■ Work item ■
Repeat the span of the entries below that starts at the line with "Un mic jurnal" and ends at the line with "考点7.患者,女,36岁,近", nothing more. Skip the pictures.
*** Opening Input data ***
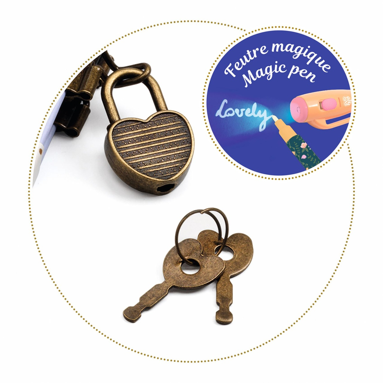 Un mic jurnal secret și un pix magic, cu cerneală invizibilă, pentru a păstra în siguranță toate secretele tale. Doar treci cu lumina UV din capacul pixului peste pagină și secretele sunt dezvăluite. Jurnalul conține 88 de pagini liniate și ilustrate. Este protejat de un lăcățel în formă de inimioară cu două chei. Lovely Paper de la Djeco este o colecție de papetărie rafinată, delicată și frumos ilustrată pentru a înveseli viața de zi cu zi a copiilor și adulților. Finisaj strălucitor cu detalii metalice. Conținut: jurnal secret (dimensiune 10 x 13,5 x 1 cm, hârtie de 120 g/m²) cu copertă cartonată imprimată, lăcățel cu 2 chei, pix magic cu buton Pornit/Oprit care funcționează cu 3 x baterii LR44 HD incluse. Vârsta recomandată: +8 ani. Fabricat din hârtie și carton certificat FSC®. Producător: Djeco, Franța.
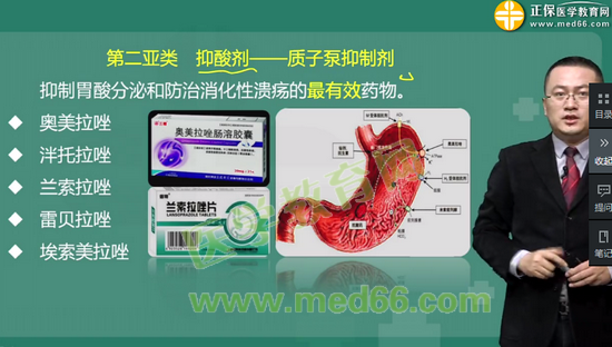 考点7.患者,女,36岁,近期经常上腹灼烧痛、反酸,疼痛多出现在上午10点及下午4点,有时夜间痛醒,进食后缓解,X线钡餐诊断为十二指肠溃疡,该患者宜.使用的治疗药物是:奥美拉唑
*** Closing Input data ***
*** Opening Input data ***
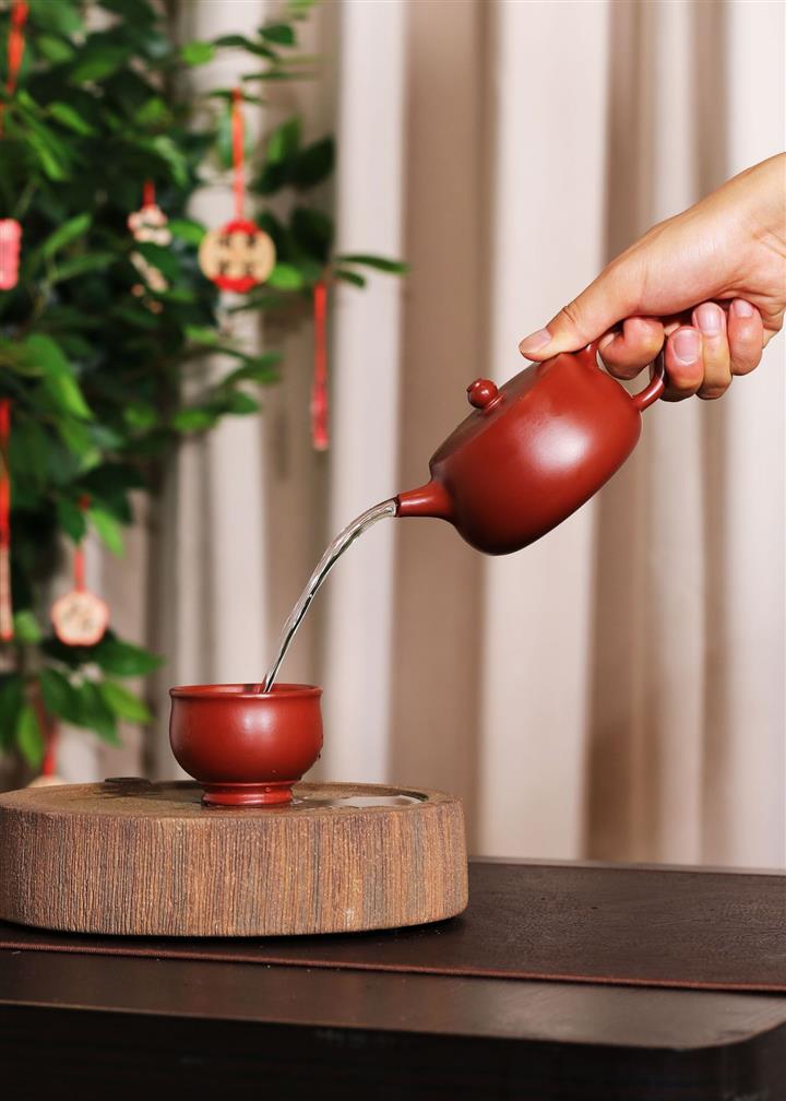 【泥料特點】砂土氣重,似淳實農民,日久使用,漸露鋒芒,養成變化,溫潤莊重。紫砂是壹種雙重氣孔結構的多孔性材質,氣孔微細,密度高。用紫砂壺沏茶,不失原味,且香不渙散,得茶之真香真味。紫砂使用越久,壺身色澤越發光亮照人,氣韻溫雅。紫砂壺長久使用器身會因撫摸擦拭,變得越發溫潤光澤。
*** Closing Input data ***
■ Task output ■
 Un mic jurnal secret și un pix magic, cu cerneală invizibilă, pentru a păstra în siguranță toate secretele tale. Doar treci cu lumina UV din capacul pixului peste pagină și secretele sunt dezvăluite. Jurnalul conține 88 de pagini liniate și ilustrate. Este protejat de un lăcățel în formă de inimioară cu două chei. Lovely Paper de la Djeco este o colecție de papetărie rafinată, delicată și frumos ilustrată pentru a înveseli viața de zi cu zi a copiilor și adulților. Finisaj strălucitor cu detalii metalice. Conținut: jurnal secret (dimensiune 10 x 13,5 x 1 cm, hârtie de 120 g/m²) cu copertă cartonată imprimată, lăcățel cu 2 chei, pix magic cu buton Pornit/Oprit care funcționează cu 3 x baterii LR44 HD incluse. Vârsta recomandată: +8 ani. Fabricat din hârtie și carton certificat FSC®. Producător: Djeco, Franța.
 考点7.患者,女,36岁,近期经常上腹灼烧痛、反酸,疼痛多出现在上午10点及下午4点,有时夜间痛醒,进食后缓解,X线钡餐诊断为十二指肠溃疡,该患者宜.使用的治疗药物是:奥美拉唑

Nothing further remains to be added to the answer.